4% Wienerberger-Anleihe 2020 verkaufen!


18.06.18 12:00
Raiffeisen Bank International AG

Wien (www.anleihencheck.de) - Die Analysten der Raiffeisen Bank International AG (RBI) raten die in 2020 fällige 4% Anleihe (ISIN AT0000A100E2 / WKN A1HH8S) der Wienerberger AG auf Total Return Basis und Sicht von sechs Monaten zu verkaufen.

Die Wurzeln der Wienerberger AG lägen im Jahre 1819 mit der Gründung als österreichischer Ziegelhersteller. Von da an, habe sich Wienerberger vom Ziegelproduzenten zu einem internationalen Baustoffkonzern entwickelt, der die Geschäftsbereiche Clay Building Materials, Pipes & Pavers und North America vereinige. Mit 197 Produktionsstandorten in 30 Ländern zähle Wienerberger zu den größten Ziegelproduzenten weltweit (Hintermauerziegel Nr. Eins weltweit; Vormauerziegel Nr. Eins Europa und führende Position in den USA). Bei Tondachziegeln in Europa könne der Konzern ebenfalls die Position des Marktführers einnehmen, ebenso bei Betonsteinen in Zentral-Osteuropa. Mit seinen Rohrsystemen nehme er in Europa ebenfalls eine führende Positionen ein.

Mit rund 16.000 Mitarbeitern habe zuletzt ein Rekordumsatz von EUR 3,1 Mrd. (+5% vs. 2016) erwirtschaftet werden können. Die Aktien der Wienerberger AG befänden sich zu 100% im Streubesitz, wobei mit einem Anteil von 86% institutionelle Investoren deutlich überwiegen würden. Mehr als die Hälfte dieser komme aus dem angelsächsischen Raum.

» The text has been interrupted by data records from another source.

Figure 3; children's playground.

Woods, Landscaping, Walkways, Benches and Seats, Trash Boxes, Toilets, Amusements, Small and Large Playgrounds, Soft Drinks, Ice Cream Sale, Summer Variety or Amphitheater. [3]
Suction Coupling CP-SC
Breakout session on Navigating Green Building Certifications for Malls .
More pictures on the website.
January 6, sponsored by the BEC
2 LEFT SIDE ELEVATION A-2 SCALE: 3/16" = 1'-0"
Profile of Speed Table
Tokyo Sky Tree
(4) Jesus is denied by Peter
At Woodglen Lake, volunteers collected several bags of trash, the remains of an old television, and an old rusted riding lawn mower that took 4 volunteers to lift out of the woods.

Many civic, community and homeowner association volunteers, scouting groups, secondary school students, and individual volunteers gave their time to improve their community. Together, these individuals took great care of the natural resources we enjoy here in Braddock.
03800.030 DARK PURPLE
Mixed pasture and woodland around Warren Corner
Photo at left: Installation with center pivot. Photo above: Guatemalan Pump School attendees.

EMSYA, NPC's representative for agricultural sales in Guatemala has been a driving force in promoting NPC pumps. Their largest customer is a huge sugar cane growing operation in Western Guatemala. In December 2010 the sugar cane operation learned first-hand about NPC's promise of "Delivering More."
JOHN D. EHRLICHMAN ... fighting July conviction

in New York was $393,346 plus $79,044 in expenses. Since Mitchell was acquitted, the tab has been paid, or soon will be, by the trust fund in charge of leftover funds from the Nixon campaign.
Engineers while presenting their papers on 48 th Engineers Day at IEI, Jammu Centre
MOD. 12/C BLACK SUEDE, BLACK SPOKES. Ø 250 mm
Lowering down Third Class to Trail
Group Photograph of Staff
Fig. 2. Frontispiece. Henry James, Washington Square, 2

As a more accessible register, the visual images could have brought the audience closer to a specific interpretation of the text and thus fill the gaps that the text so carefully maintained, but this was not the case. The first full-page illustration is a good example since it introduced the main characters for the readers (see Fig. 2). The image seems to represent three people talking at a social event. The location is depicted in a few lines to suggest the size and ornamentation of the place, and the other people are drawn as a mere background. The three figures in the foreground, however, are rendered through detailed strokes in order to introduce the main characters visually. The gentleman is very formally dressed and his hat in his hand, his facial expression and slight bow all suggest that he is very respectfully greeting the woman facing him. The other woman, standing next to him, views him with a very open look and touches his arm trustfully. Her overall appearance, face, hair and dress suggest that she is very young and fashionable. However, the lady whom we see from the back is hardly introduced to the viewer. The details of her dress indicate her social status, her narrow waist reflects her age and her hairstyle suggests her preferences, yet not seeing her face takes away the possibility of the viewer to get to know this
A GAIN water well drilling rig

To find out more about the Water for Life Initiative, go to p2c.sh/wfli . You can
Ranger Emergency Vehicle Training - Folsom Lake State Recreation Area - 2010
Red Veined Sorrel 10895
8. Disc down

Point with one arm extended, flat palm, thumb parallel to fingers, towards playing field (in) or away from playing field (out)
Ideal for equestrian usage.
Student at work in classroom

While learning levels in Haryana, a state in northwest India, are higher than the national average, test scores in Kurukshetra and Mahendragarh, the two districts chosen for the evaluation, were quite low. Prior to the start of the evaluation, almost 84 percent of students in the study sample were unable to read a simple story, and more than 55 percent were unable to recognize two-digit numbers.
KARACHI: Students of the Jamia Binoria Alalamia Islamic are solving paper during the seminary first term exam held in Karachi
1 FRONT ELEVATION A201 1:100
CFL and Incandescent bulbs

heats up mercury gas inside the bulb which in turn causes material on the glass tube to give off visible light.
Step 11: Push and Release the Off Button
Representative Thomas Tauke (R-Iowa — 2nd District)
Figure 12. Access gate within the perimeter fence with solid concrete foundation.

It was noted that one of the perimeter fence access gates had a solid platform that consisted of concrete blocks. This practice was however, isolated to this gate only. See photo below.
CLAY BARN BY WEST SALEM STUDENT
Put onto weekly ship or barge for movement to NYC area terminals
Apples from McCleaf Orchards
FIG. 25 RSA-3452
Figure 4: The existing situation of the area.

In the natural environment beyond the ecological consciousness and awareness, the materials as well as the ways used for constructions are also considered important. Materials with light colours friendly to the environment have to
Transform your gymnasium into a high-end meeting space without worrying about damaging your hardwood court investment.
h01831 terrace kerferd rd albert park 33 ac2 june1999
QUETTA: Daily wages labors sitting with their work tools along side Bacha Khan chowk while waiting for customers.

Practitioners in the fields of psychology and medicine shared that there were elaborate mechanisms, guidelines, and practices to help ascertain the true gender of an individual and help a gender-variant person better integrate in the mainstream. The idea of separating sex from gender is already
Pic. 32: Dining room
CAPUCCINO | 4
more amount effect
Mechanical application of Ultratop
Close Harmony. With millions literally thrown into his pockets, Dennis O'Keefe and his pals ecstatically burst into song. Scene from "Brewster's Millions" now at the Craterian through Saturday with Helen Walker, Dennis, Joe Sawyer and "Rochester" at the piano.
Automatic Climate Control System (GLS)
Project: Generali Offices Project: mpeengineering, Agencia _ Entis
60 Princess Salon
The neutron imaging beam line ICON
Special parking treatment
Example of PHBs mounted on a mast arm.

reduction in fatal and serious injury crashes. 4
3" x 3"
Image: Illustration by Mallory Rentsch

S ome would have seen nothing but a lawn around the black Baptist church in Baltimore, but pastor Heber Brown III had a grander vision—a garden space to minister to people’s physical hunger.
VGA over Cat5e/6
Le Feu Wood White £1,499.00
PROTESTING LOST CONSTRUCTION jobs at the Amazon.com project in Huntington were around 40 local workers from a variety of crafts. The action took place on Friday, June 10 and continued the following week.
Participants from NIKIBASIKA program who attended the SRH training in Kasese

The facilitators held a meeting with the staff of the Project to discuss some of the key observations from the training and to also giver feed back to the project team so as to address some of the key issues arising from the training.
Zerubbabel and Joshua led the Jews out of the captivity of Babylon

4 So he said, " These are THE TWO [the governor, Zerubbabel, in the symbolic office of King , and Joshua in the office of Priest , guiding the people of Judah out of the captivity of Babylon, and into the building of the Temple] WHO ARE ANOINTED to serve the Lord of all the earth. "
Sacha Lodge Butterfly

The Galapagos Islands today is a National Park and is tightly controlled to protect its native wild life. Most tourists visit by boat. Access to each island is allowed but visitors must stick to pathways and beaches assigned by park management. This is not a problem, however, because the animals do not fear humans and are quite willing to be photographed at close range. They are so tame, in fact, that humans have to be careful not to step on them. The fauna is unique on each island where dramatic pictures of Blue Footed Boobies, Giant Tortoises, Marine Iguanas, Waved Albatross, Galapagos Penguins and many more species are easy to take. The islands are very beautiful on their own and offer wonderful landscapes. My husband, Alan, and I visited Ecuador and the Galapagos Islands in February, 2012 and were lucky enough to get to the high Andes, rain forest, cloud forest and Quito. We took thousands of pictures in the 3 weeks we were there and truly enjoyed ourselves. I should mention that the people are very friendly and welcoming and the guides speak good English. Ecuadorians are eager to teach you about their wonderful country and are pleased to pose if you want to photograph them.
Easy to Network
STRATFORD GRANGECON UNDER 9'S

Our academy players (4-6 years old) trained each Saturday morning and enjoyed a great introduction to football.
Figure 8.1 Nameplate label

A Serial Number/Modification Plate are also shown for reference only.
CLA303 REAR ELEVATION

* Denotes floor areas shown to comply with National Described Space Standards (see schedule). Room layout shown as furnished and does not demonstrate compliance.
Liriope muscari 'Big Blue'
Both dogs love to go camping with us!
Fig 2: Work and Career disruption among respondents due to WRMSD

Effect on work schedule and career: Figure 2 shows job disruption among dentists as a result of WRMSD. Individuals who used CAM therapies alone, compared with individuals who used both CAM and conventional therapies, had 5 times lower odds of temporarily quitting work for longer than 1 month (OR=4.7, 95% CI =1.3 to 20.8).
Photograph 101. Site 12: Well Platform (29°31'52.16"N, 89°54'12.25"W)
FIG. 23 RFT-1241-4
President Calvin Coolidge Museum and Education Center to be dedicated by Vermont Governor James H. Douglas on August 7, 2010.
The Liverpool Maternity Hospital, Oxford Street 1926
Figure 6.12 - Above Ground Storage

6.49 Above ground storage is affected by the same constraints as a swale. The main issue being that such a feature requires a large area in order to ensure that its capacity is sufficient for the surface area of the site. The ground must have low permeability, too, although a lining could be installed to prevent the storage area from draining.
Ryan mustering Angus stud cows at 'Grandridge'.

Wienerberger sei es gelungen, die Kreditkennzahlen seit 2013 merklich zu verbessern. Diese Verbesserungen seien einerseits durch eine bessere operative Leistung gestützt worden und andererseits auch auf die Erholung der Schlüsselmärkte von Wienerberger in West- und Osteuropa sowie in geringem Maße in den USA zurückzuführen. Das von den Analysten der RBI berechnete Gearing verbesserte sich zuletzt auf 34%. Trotz geringerem von den Analysten der RBI berechneten EBITDA gegenüber der Vorjahresperiode blieb der von ihnen berechnete Leverage (Nettofinanzschuld (exkl. Hybridkapital)/EBITDA (2017: 1,8x) dank rückläufiger Nettofinanzschuld stabil.

Wienerberger gelang es 2017 einen Rekordumsatz von EUR 3,1 Mrd. zu generieren (+5% vs. 2016) und den Nettogewinn um rund 50% im Vergleich zur Vorjahresperiode auf EUR 123,2 Mio. zu steigern, so die Analysten der RBI. Aufgrund der Tilgung einer Hybridanleihe sei eine merkbare Senkung der Hybridkapitalkosten von EUR 31,5 Mio. auf EUR 14,1 Mio. erfolgt. Eine signifikante Verbesserung spiegele das Ergebnis nach Steuern wider (2017: EUR 140,6 Mio.; +22%). Dafür verantwortlich zeige sich sowohl eine operative Verbesserung als auch ein niedrigerer Steueraufwand. Die Ergebnisverbesserung habe sich auch auf das Eigenkapital (inklusive Hybridkapital) ausgewirkt, welches Ende 2017 EUR 1.911,2 Mio. (+3%) betragen habe.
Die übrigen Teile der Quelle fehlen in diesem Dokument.